• Data block:
━━━━━━━━
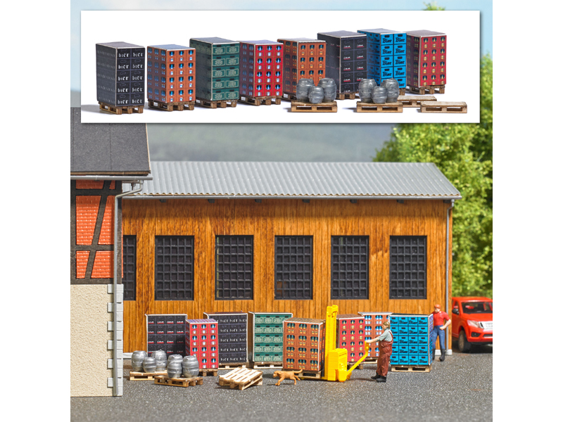 12 pravých dřevěných palet. Se 6 sudy a vystřihovánkami pro znázornění osmi stohů přepravek (pivo, limonáda, voda).
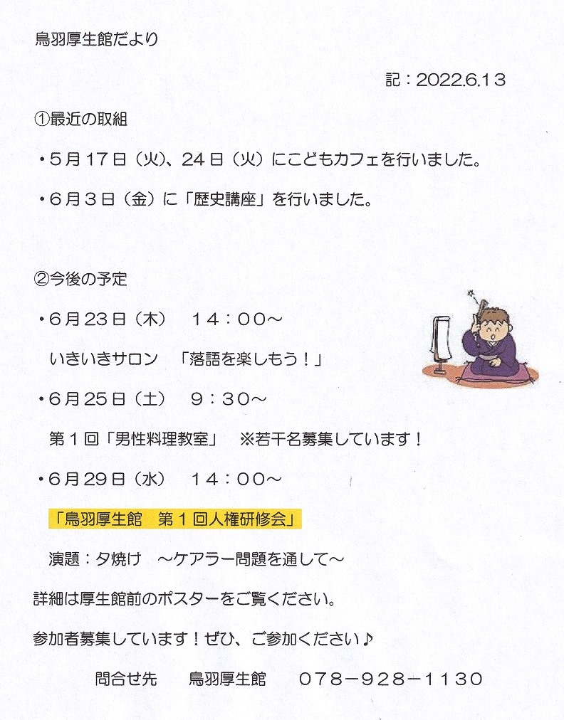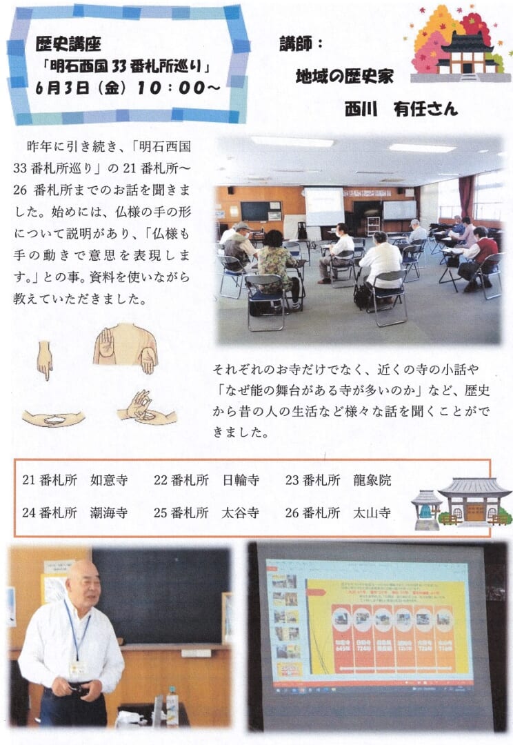 鳥羽厚生館便り 「こどもカフェ」、「歴史講座『明石西国33番札所巡り』」
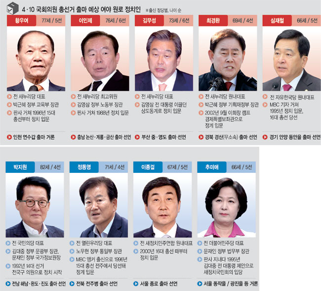 채진원 경희대 공공거버넌스연구소 교수는 2일 문화일보와 통화에서 “혐오 정치·증오 정치가 극에 달한 상황을 보면서 상대적으로 점잖은 어휘를 구사하고 여야 간 소통이 비교적 잘 이뤄졌던 정치를 해 왔던 ‘올드보이’들이 ‘내가 해 보겠다’고 나선 것이 아예 이해가 되지 않는 것은 아니다”면서도 “기회를 젊은 사람에게 넘기고 퇴진해 주는 게 맞는 행보”라고 밝혔다. 한 정치권 관계자는 “험지에 출마하거나 새로운 시대정신을 내세우면서 출마하는 게 아니라 자신의 지역구나 텃밭에 나오는 것은 인정받기 힘들다”고 밝혔다.
━━━━━━━━
Images should not appear in the copy; retype the listing above exactly.

• Expected output:
 12 pravých dřevěných palet. Se 6 sudy a vystřihovánkami pro znázornění osmi stohů přepravek (pivo, limonáda, voda).
 鳥羽厚生館便り 「こどもカフェ」、「歴史講座『明石西国33番札所巡り』」
 채진원 경희대 공공거버넌스연구소 교수는 2일 문화일보와 통화에서 “혐오 정치·증오 정치가 극에 달한 상황을 보면서 상대적으로 점잖은 어휘를 구사하고 여야 간 소통이 비교적 잘 이뤄졌던 정치를 해 왔던 ‘올드보이’들이 ‘내가 해 보겠다’고 나선 것이 아예 이해가 되지 않는 것은 아니다”면서도 “기회를 젊은 사람에게 넘기고 퇴진해 주는 게 맞는 행보”라고 밝혔다. 한 정치권 관계자는 “험지에 출마하거나 새로운 시대정신을 내세우면서 출마하는 게 아니라 자신의 지역구나 텃밭에 나오는 것은 인정받기 힘들다”고 밝혔다.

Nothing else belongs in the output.